Colorspace conversion and Scaling
Before delving in the library architecture and the outher API probably might be good to make a extra quick summary of what this library is about.
Most multimedia concepts are more or less intuitive:
– encoding is taking some data (e.g. video frames, audio samples) and compress it by leaving out unimportant details
– muxing is the act of storing such compressed data and timestamps so that audio and video can play back in sync
– demuxing is getting back the compressed data with the timing information stored in the container format
– decoding inflates somehow the data so that video frames can be rendered on screen and the audio played on the speakers
After the decoding step would seem that all the hard work is done, but since there isn’t a single way to store video pixels or audio samples you need to process them so they work with your output devices.
That process is usually called resampling for audio and for video we have colorspace conversion to change the pixel information and scaling to change the amount of pixels in the image.
Today I’ll introduce you to the new library for colorspace conversion and scaling we are working on.
The library aims to be as simple as possible and hide all the gory details from the user, you won’t need to figure the heads and tails of functions with a quite large amount of arguments nor special-purpose functions.
Everything is a Kernel
One of the key concept of AVScale is that the conversion chain is assembled out of different components, separating the concerns.
Those components are called kernels.
The kernels can be conceptually divided in two kinds:
– Conversion kernels, taking an input in a certain format and providing an output in another (e.g. rgb2yuv) without changing any other property.
– Process kernels, modifying the data while keeping the format itself unchanged (e.g. scale)
This pipeline approach gets great flexibility and helps code reuse.
The most common use-cases (such as scaling without conversion or conversion with out scaling) can be faster than solutions trying to merge together scaling and conversion in a single step.
AVScale works with two kind of structures:
– AVPixelFormaton: A full description of the pixel format
– AVFrame: The frame data, its dimension and a reference to its format details (aka AVPixelFormaton)

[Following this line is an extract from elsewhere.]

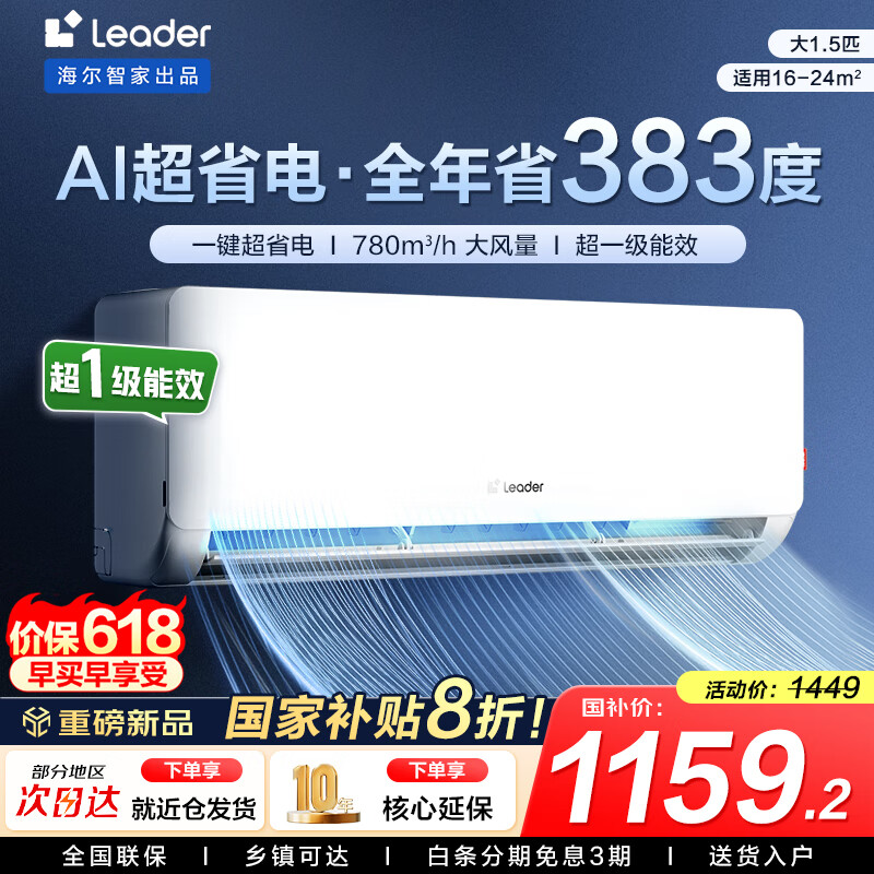 大1.5匹【性价比卷王】超省电 Leader空调海尔智家出品一级挂机

The library will have an AVOption-based system to tune specific options (e.g. selecting the scaling algorithm).
For now only
avscale_convert_frame are implemented.
So if the input and output are pre-determined the context can be configured like this:
AVScaleContext *ctx = avscale_alloc_context(); if (!ctx) ... ret = avscale_config(ctx, out, in); if (ret < 0) ...

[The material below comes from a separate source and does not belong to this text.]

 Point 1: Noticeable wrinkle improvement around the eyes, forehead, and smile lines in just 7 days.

But you can skip it and scale and/or convert from a input to an output like this:
AVScaleContext *ctx = avscale_alloc_context(); if (!ctx) ... ret = avscale_convert_frame(ctx, out, in); if (ret < 0) ... avscale_free(&ctx);
The context gets lazily configured on the first call.
avscale_free() takes a pointer to a pointer, to make sure the context pointer does not stay dangling.
As said the API is really simple and essential.
Kostya kindly provided an initial proof of concept and me, Vittorio and Anton prepared this preview on the spare time. There is plenty left to do, if you like the idea (since many kept telling they would love a swscale replacement) we even have a fundraiser.